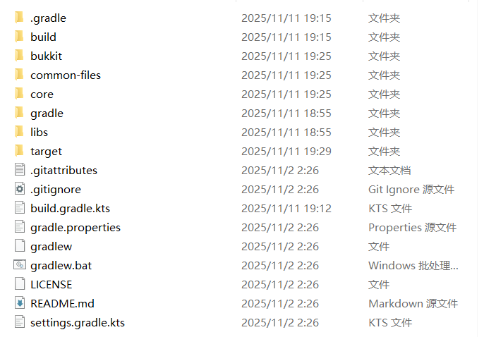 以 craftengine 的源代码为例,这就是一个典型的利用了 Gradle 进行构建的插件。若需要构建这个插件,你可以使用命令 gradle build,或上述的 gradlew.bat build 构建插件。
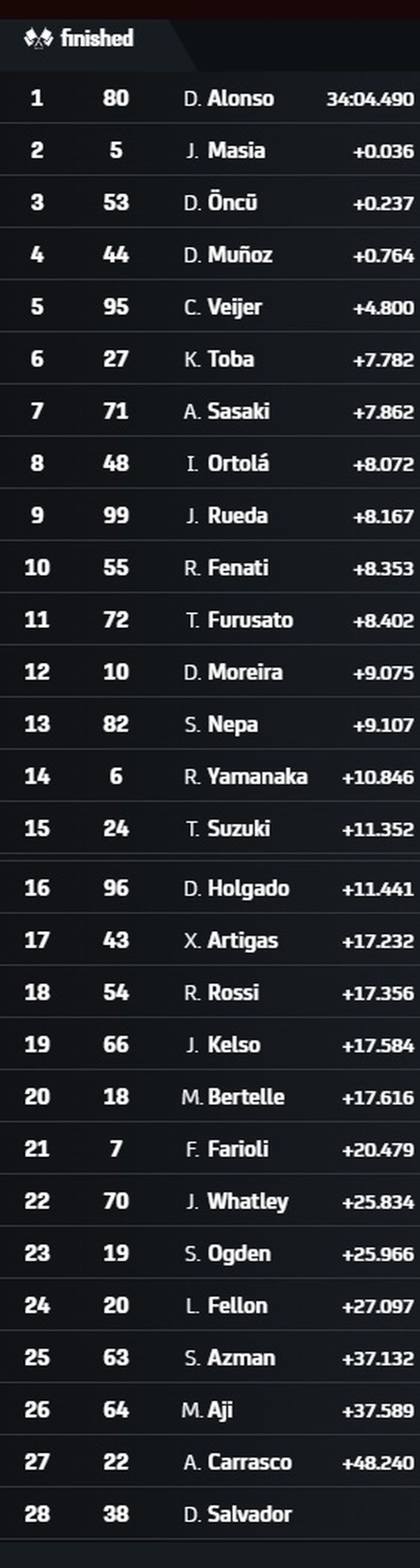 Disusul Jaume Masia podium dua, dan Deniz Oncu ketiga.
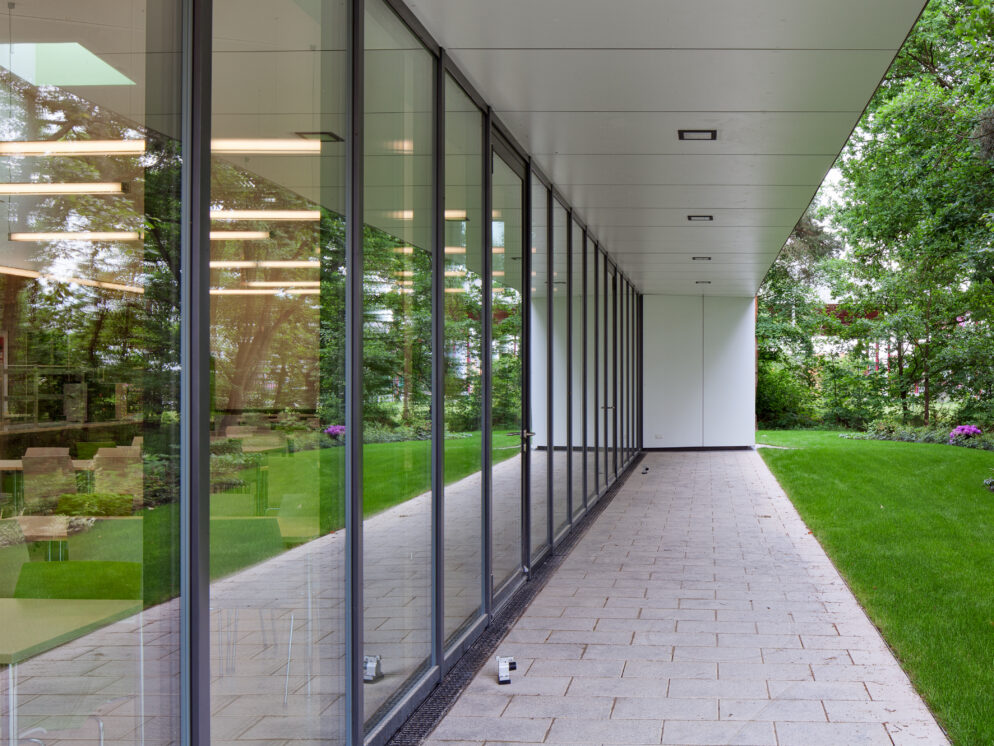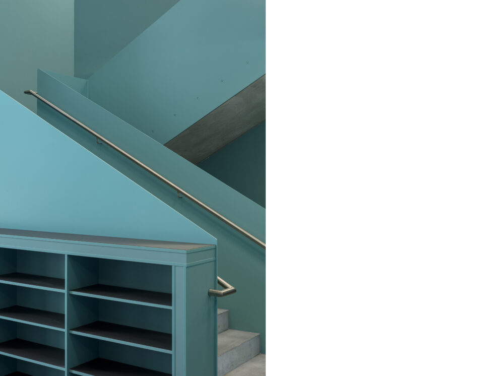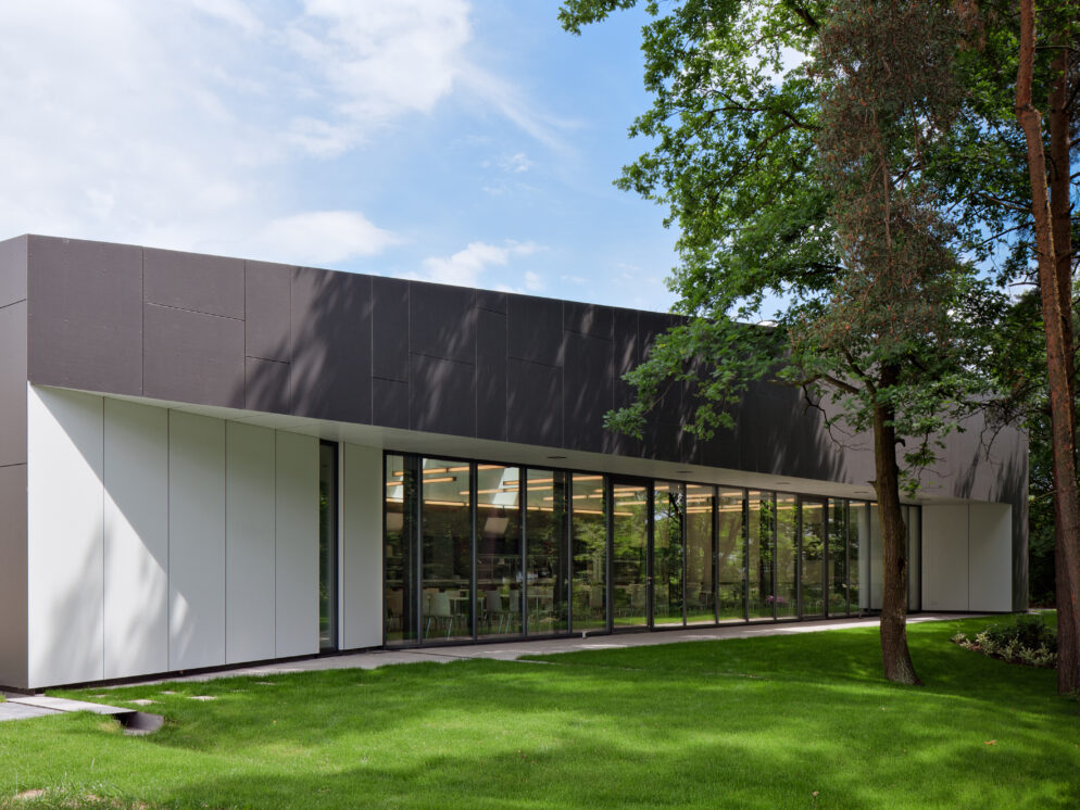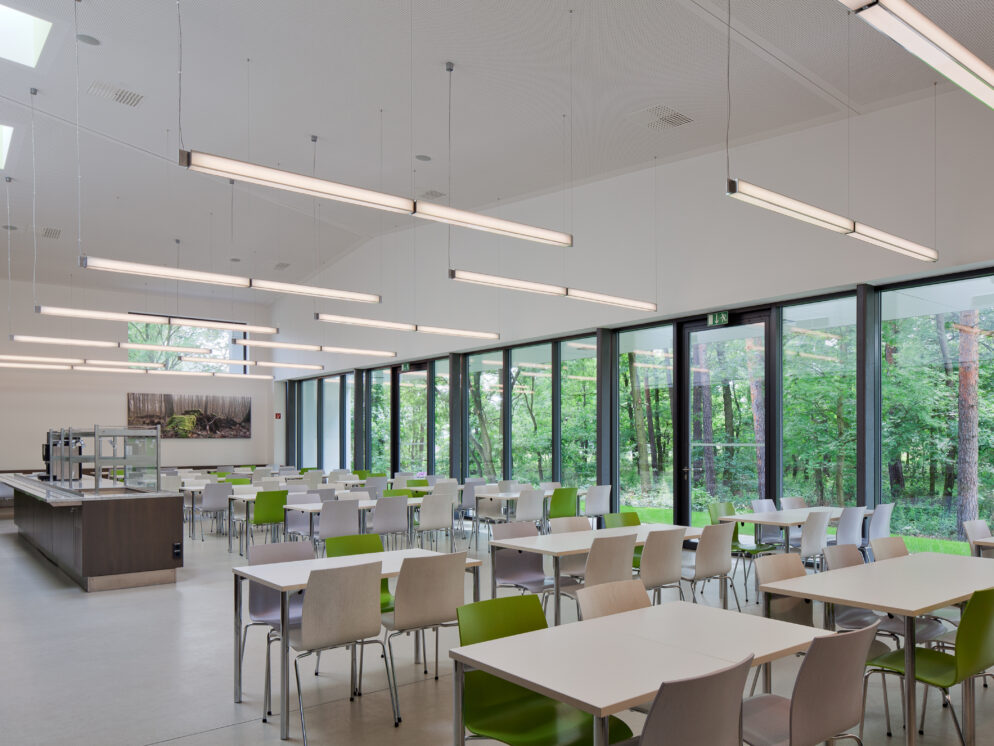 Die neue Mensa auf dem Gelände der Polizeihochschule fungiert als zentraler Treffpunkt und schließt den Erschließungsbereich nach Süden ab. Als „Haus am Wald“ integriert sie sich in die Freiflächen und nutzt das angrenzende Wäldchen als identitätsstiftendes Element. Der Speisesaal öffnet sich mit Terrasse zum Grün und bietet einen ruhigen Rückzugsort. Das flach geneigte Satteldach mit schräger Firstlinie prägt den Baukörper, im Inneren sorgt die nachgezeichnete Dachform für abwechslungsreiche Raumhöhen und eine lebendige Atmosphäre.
______________________________
*Task to carry out*. Drop the pictures; repeat the listing above exactly.

*Answer box*.
 以 craftengine 的源代码为例,这就是一个典型的利用了 Gradle 进行构建的插件。若需要构建这个插件,你可以使用命令 gradle build,或上述的 gradlew.bat build 构建插件。
 Disusul Jaume Masia podium dua, dan Deniz Oncu ketiga.
 Die neue Mensa auf dem Gelände der Polizeihochschule fungiert als zentraler Treffpunkt und schließt den Erschließungsbereich nach Süden ab. Als „Haus am Wald“ integriert sie sich in die Freiflächen und nutzt das angrenzende Wäldchen als identitätsstiftendes Element. Der Speisesaal öffnet sich mit Terrasse zum Grün und bietet einen ruhigen Rückzugsort. Das flach geneigte Satteldach mit schräger Firstlinie prägt den Baukörper, im Inneren sorgt die nachgezeichnete Dachform für abwechslungsreiche Raumhöhen und eine lebendige Atmosphäre.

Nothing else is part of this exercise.